Henry Milner is co-publisher of Inroads.

From: Wilfred Day | March 26

That’s the opposite of what Ignatieff said. He said, “Whoever leads the party that wins the most seats on election day should be called on to form the government. If that is the Liberal Party, then I will be required to rapidly seek the confidence of the newly elected Parliament. If our government cannot win the support of the House, then Mr. Harper will be called on to form a government and face the same challenge.”

Corollary: If the Conservative Party wins the most seats on election day it should be called on to form the government and be required to rapidly seek the confidence of the newly elected Parliament. If it cannot win the support of the House, then Mr. Ignatieff will be called on to form a government and face the same challenge. Quite clear.

Less clear is how Ignatieff would obtain the confidence of the House without a majority. If he was likely to call a snap election, why would anyone defeat Harper? But “the rules that will guide me” (hmm, are these guidelines really rules?) include:

“We will not enter a coalition with other federalist parties. In our system, coalitions are a legitimate constitutional option. However, I believe that issue-by-issue collaboration with other parties is the best way for minority parliaments to function.” If the “best way” is not open, there must logically be other good ways. Issue-by-issue (no coalition) is best; but the stability of a coalition must still be a good option after all.

“We categorically rule out a coalition or formal arrangement with the Bloc Québécois.” (With the NDP we are less categorical.)

Wilfred Day practises law in Port Hope, Ontario.

From: Joe Murray | March 26

I’m not quite so pessimistic as Gareth Morley on coalitions being permanently barred in Canada by Ignatieff’s statement.

Leaders come and go, and it is indeed likely that Ignatieff will lose and be gone. And it is far from clear that the next Liberal leader, or the one after that, will maintain this stand either before or after elections. And who is to say what Ignatieff would do after an election in which the Liberals gained seats and Conservatives lost some? The legitimacy argument might play differently than it did with Dion. Of course, the oft-cited 1985 Ontario example had the Liberals winning the popular vote over the Tories 37.9 to 37.0, though the Tories got 52 seats to the Liberals 48.

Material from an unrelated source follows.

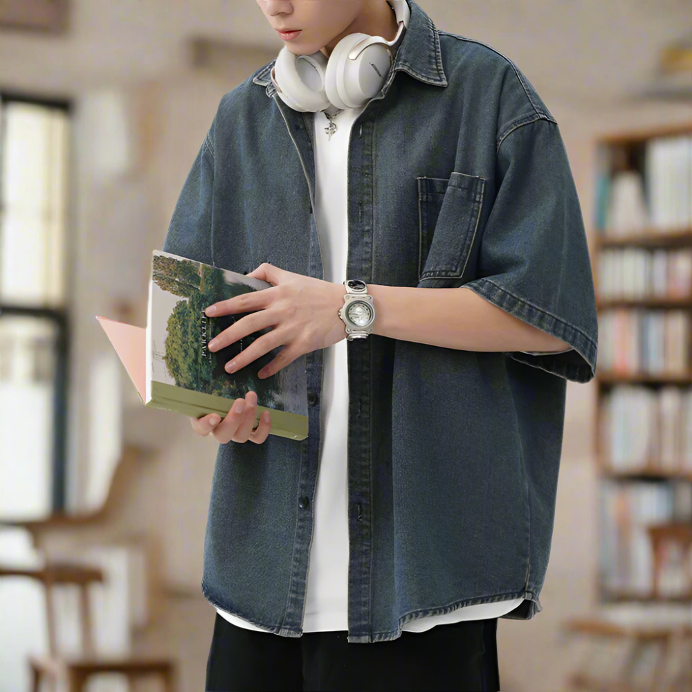 Men 's Over Size Washed Denim Short Sleeve Shirt
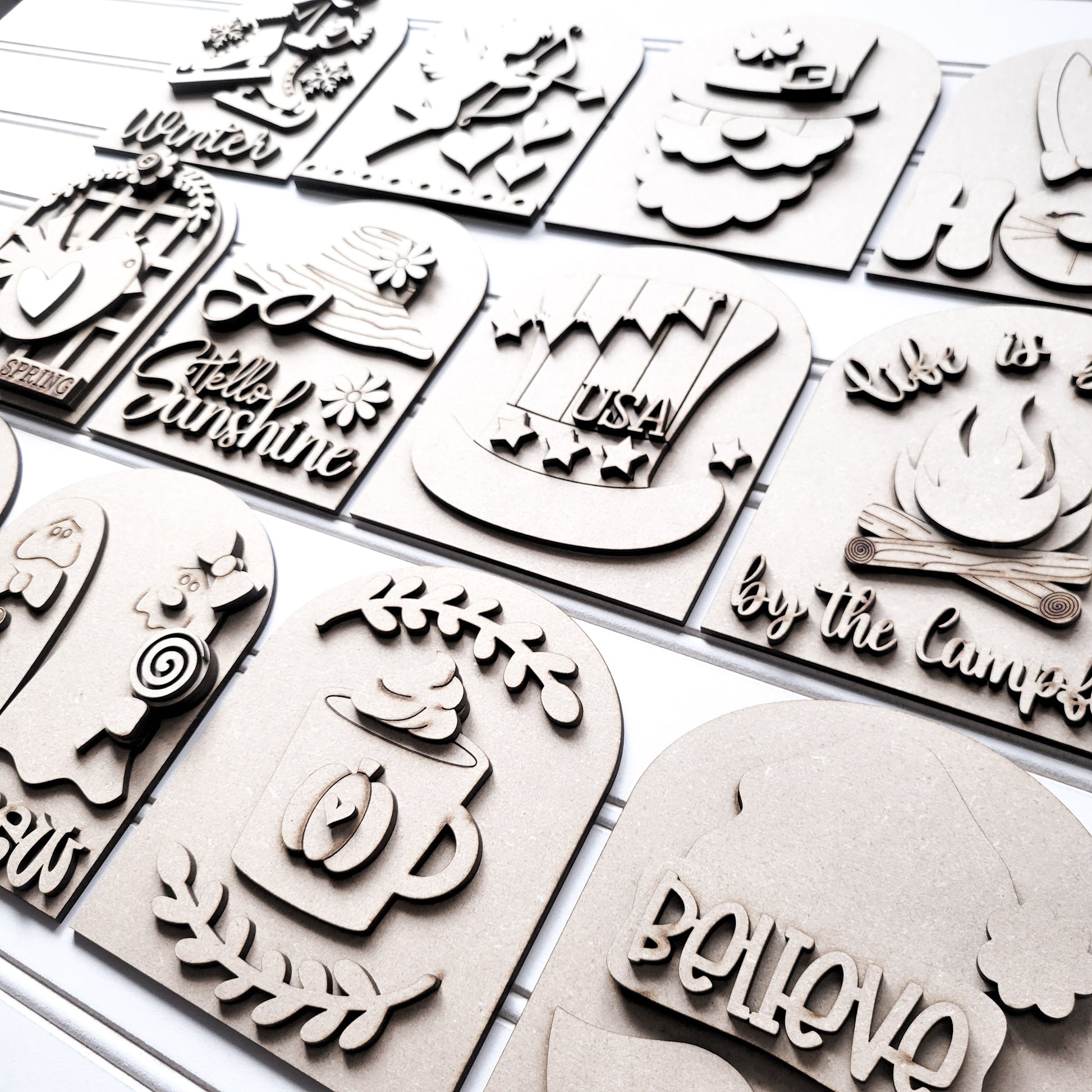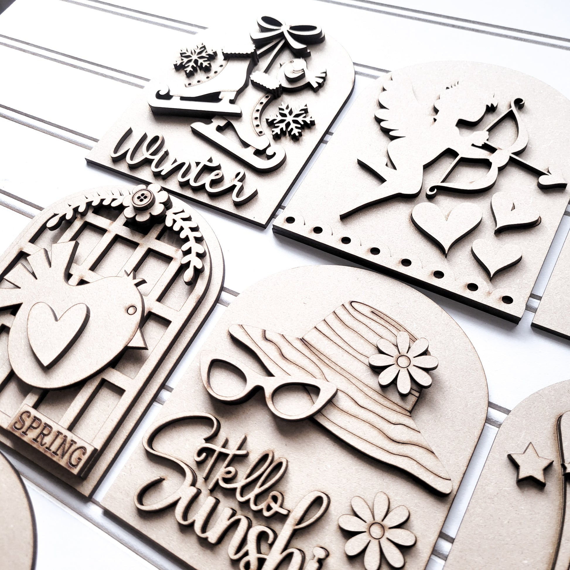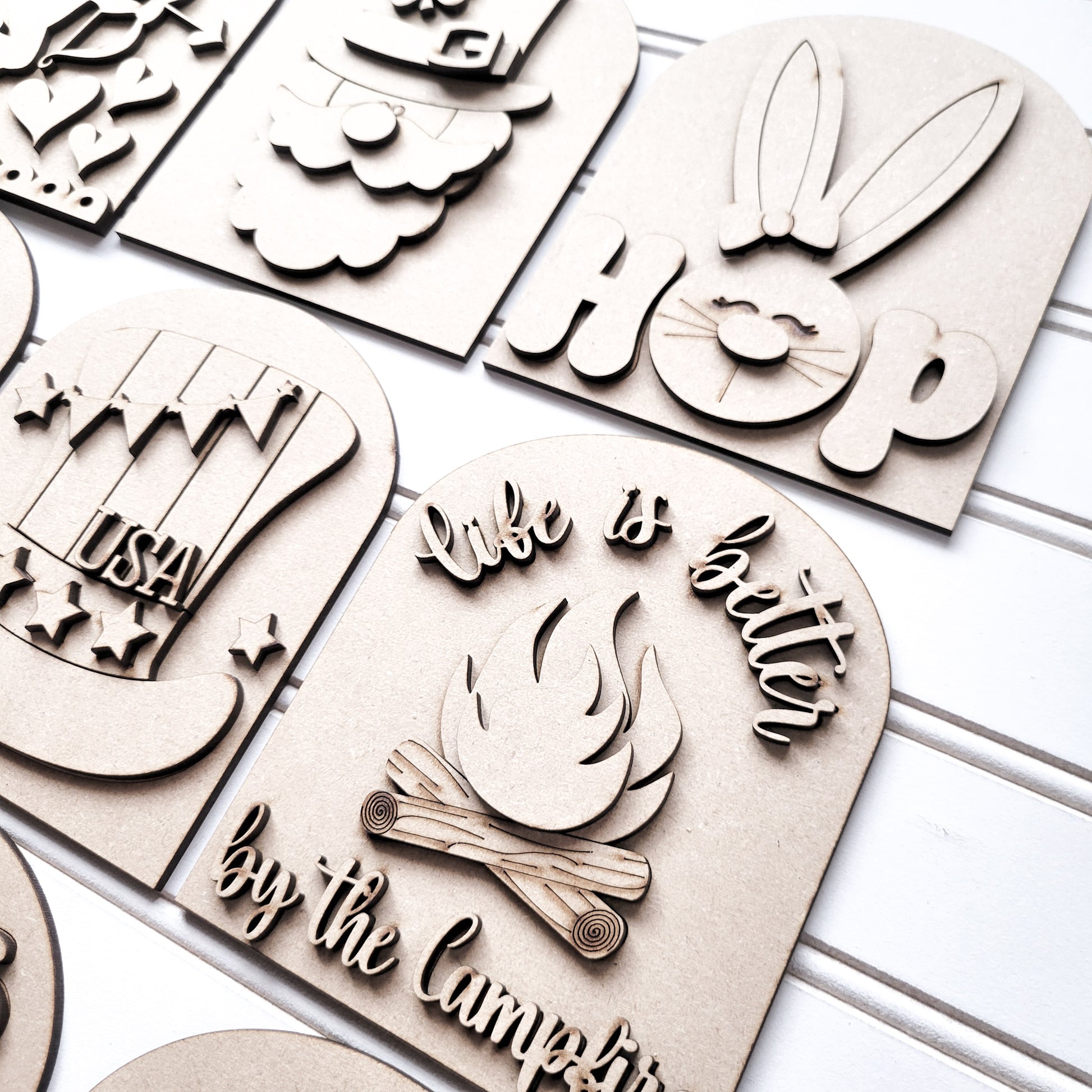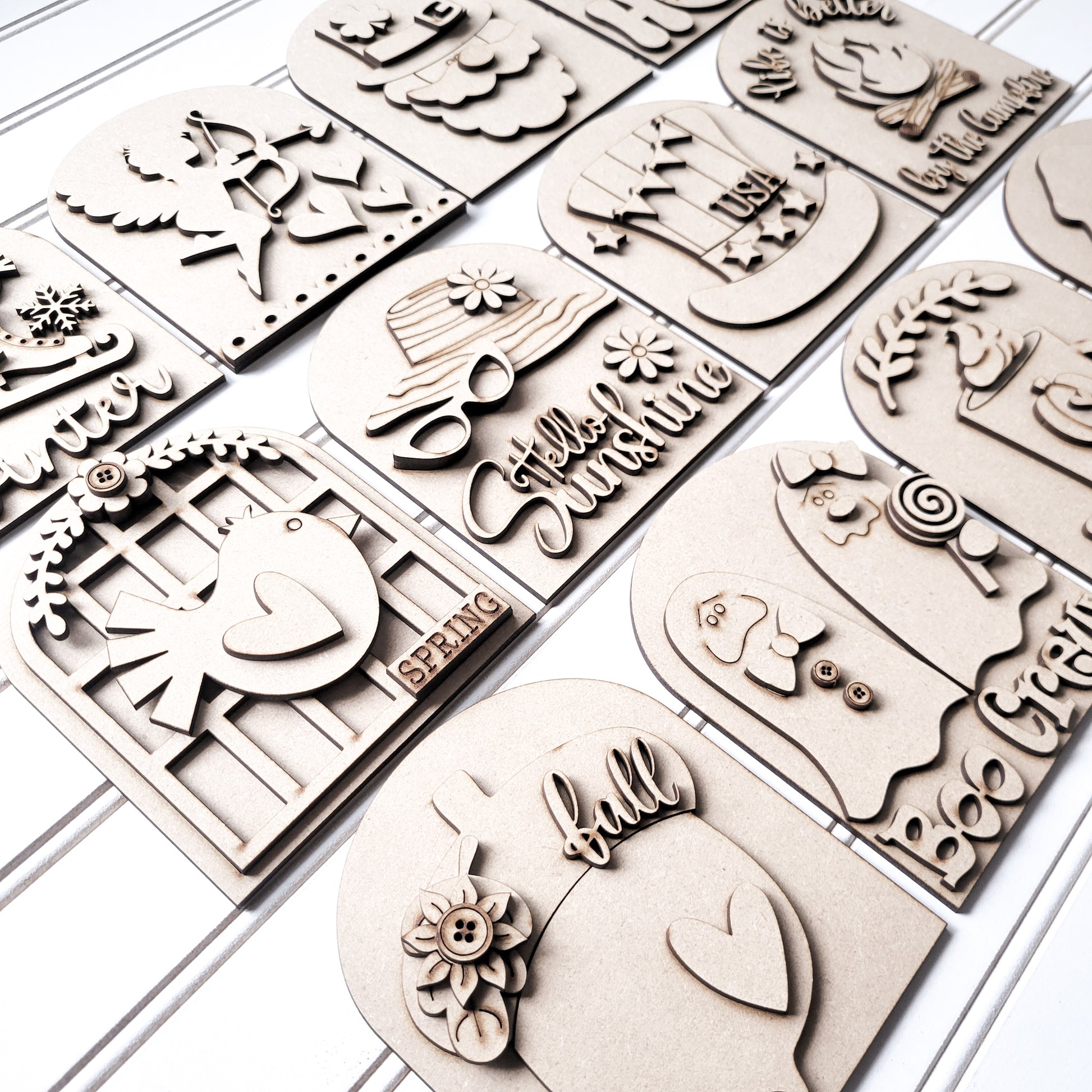 These seasonal inserts are made to fit perfectly inside our interchangeable arched frames (sold separately), making it easy to refresh your decor for any holiday or celebration! Each insert is laser-cut from smooth MDF and comes ready to paint, decorate, and personalize. Whether you're crafting solo or hosting a paint night with friends, you'll love how simple it is to swap out inserts and bring new life to your home decor again and again. Signs measure approximately 5.25" tall by 4.5" wide and fit perfectly inside any of our arched frames.

Joe Murray is president of JMA Consulting in Toronto.

From: Alastair Sweeny | March 27

What’s not usually noted is that the opposition parties have had a de facto coalition during the life of this Parliament, with, I believe, a majority in all committees. The Bloc will never publicly “join” a coalition as they almost but not quite did with Dion and Layton in 2006.

As Martin and Harper learned, all this non-coalition coalition business is very frustrating to the party with the most seats, called upon to form a government. It requires more negotiation and collegiality than usual to get bills passed.

What the public usually sees is PR, spin and demonization, as in Question Period.

Alastair Sweeny is Vice-President, Development, of Northern Blue Publishing in Ottawa.

From: Harvey Schachter | March 27

I think the only rule that might have been intensified here is the one Kim Campbell alluded to, more broadly, at the start of the 1993 campaign, which I castigated her for at the time as an ivory tower editorialist. We can’t discuss social policy, or coalitions, or very much of substance in elections, because there is no room for grey and her party, or successor party, has gobs of money to turn any white, let alone grey, into black.

The coalition issue right now is hypothetical, but Harper (with the media’s help – after all, they need an issue a day, preferably an emotional one) has made it real.

It really does depend – on the numbers after the election and the lineup of parties.

It seems to me the only rule is that the prime minister goes to the governor general and discusses with him/her what the prime minister thinks should happen. The governor general then decides to take or reject that advice, presumably based on parliamentary precedent but also the lineup of forces in the house and public opinion and probably the percentage of the vote.

The political parties can then make their own political calculation in a minority parliament. The precedent in Ottawa, from long before Gareth’s inglorious Ignatieff, has been to stand off for a while. But not in Ontario where the parties made a different political calculation and the citizenry accepted it, perhaps in part because the “winning” party had not won the majority of the vote.

I remember last time we were in this coalition discussion some people argued there couldn’t be a coalition unless the deal was forged before the election. I wondered where that came from. Subsequently it didn’t happen in Britain, but certainly there it does appear that there was a feeling that the election’s “winner” should be part of the coalition, and the Liberal Democrats, perhaps to their eternal regret, made that deal. Does that bind Britain forever? I doubt it.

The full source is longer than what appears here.